EXERCISE OBJECTIVE: The lines to copy run from the one containing "ヨーロッパの伝統的なアンティ" to the end of the listing. Please write them out exactly, minus the pictures.

Start of PROVIDED DATA

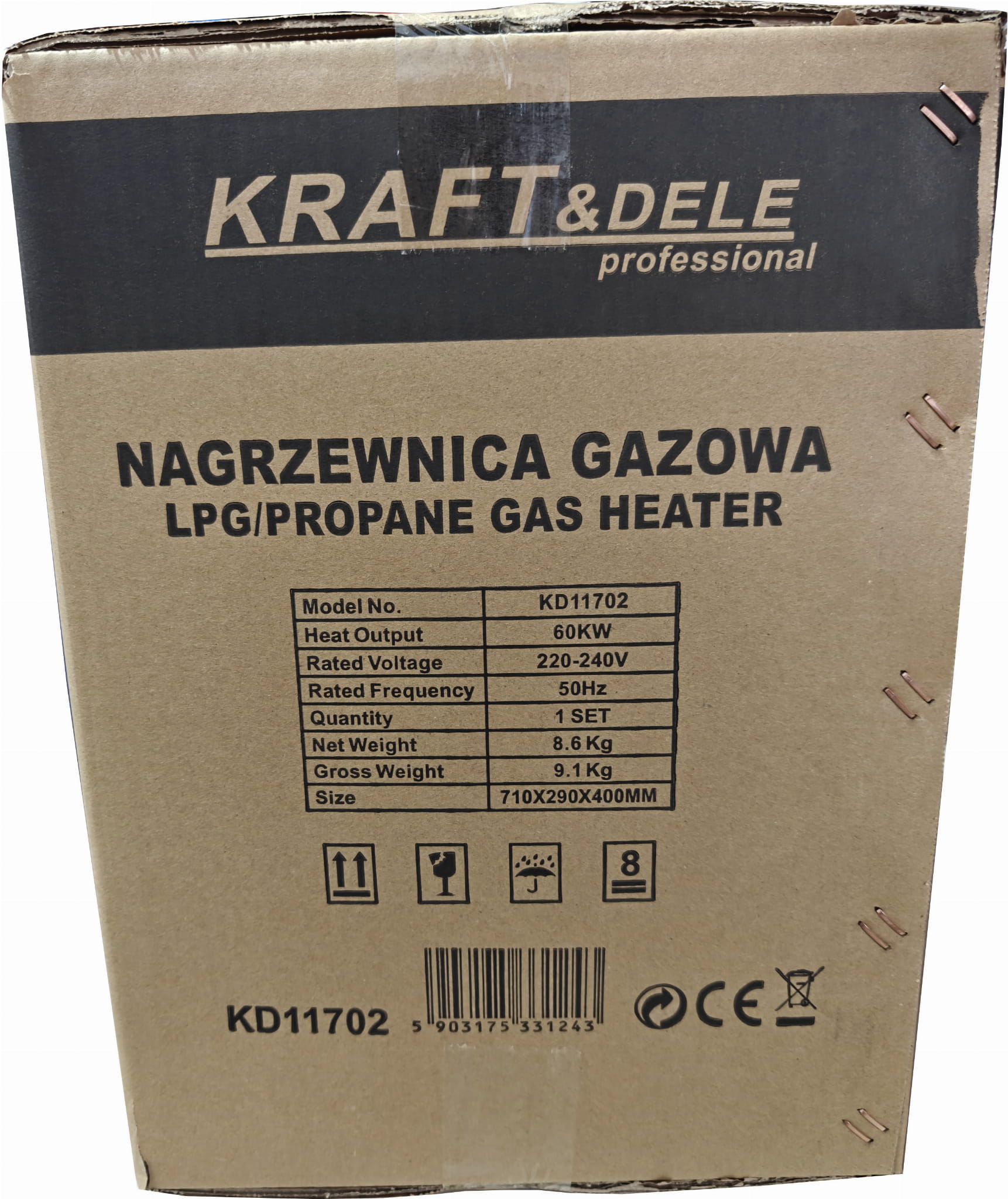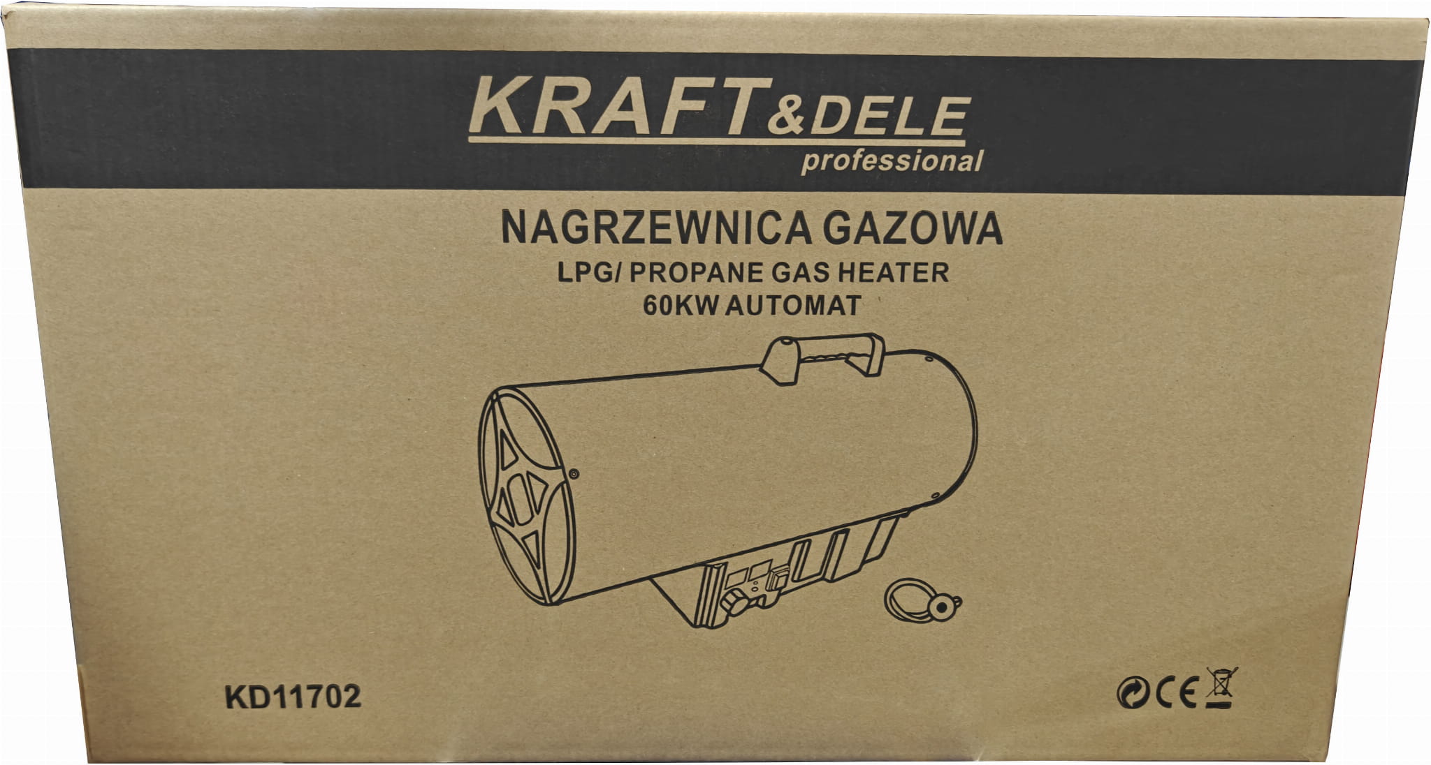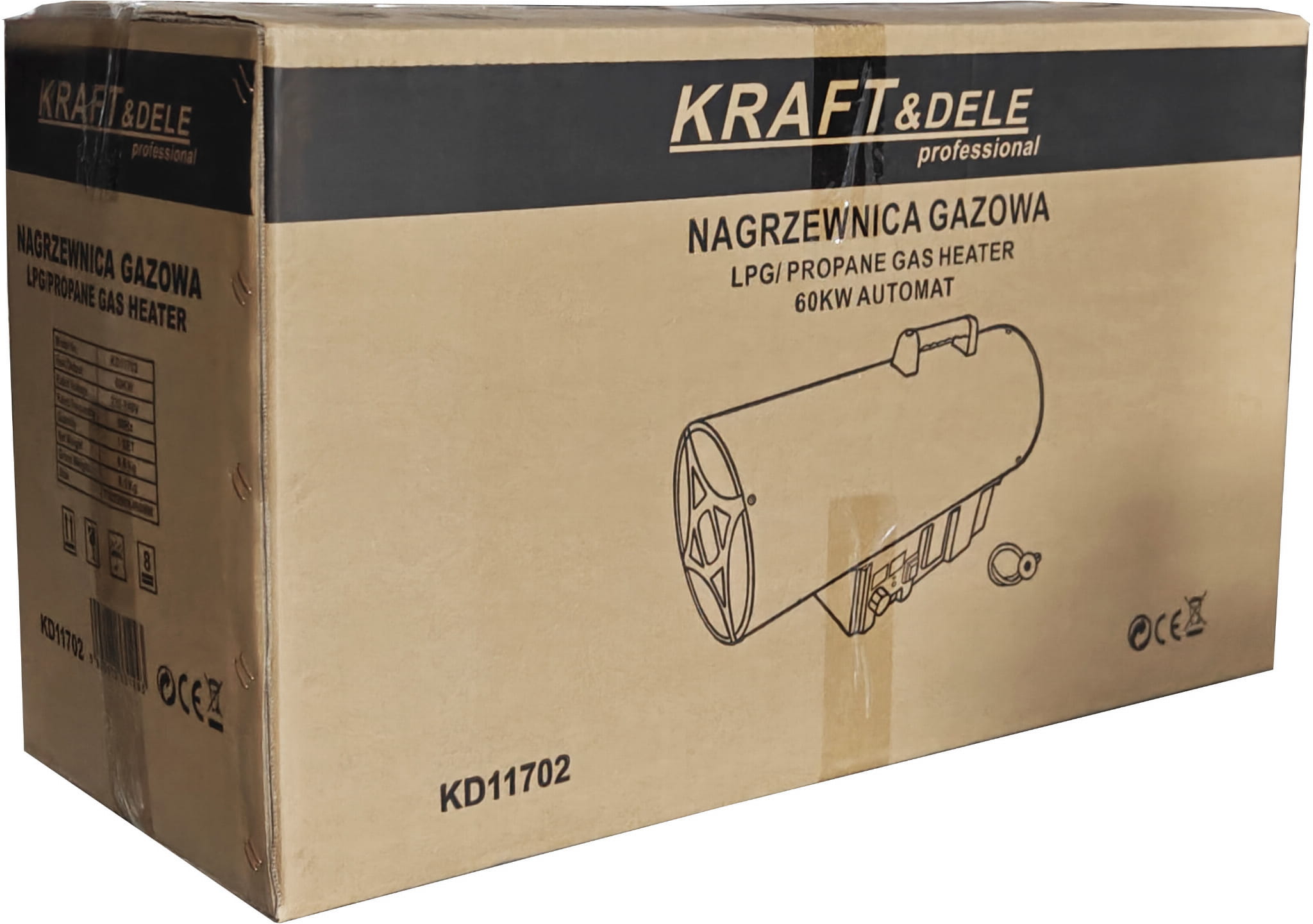 KD11702 to nagrzewnica gazowa zasilana gazem propan-butan (LPG), przeznaczona do ogrzewania dużych, nieogrzewanych lub trudno dostępnych przestrzeni. Moc 60 kW i wydatek powietrza 872 m³/h pozwalają na szybkie podniesienie temperatury w pomieszczeniach o znacznej kubaturze bez konieczności podłączania do instalacji kominowej.
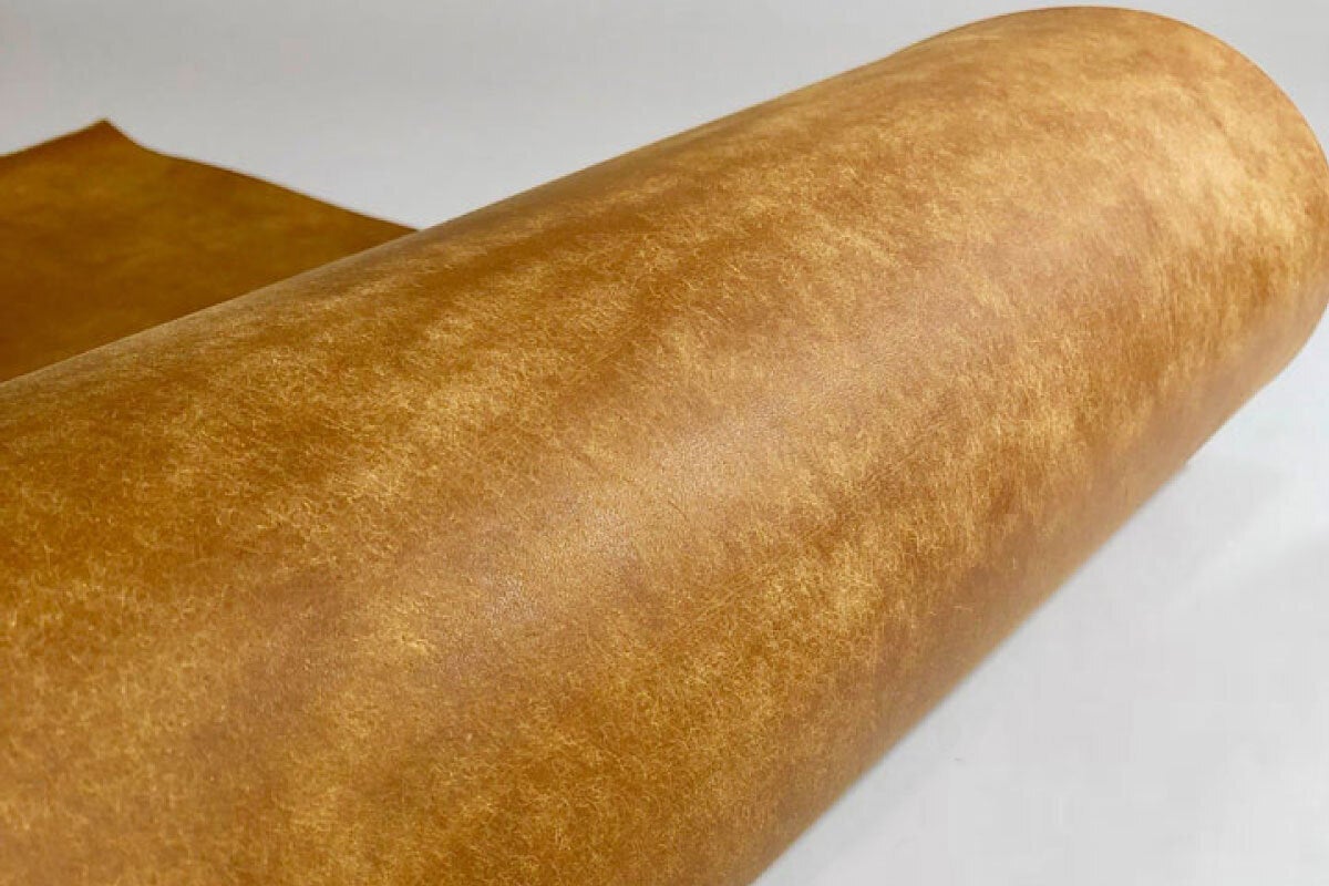 最初の状態は、ザラザラとした和紙のような手触りで、マットな質感なので光沢は殆どありませんが、使い込むほどに表面の繊維が寝て光沢が増していき、深みのある色に変化していきます。
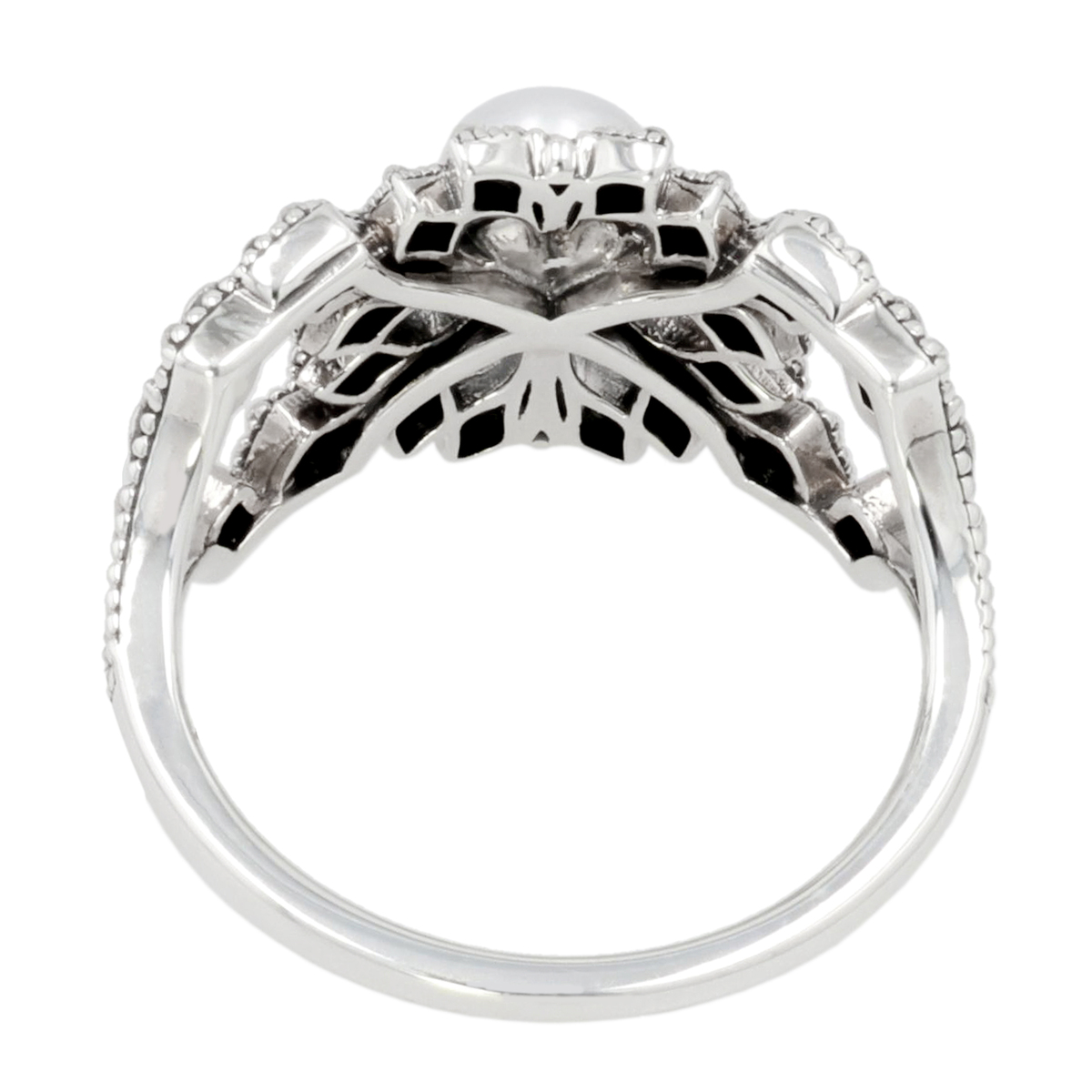 ヨーロッパの伝統的なアンティークジュエリー技法を取り入れ、玉飾りやミル打ちを細部まで丁寧に施したこだわりの仕上げ。雪の柔らかさを思わせる繊細な造形が魅力で、指先に可憐で上品な雰囲気を添えます
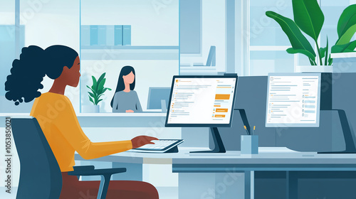 Customer support specialist resolving client inquiries using chat software in a modern tech office.

End of PROVIDED DATA

OUTPUT FOR THIS EXERCISE:
 ヨーロッパの伝統的なアンティークジュエリー技法を取り入れ、玉飾りやミル打ちを細部まで丁寧に施したこだわりの仕上げ。雪の柔らかさを思わせる繊細な造形が魅力で、指先に可憐で上品な雰囲気を添えます
 Customer support specialist resolving client inquiries using chat software in a modern tech office.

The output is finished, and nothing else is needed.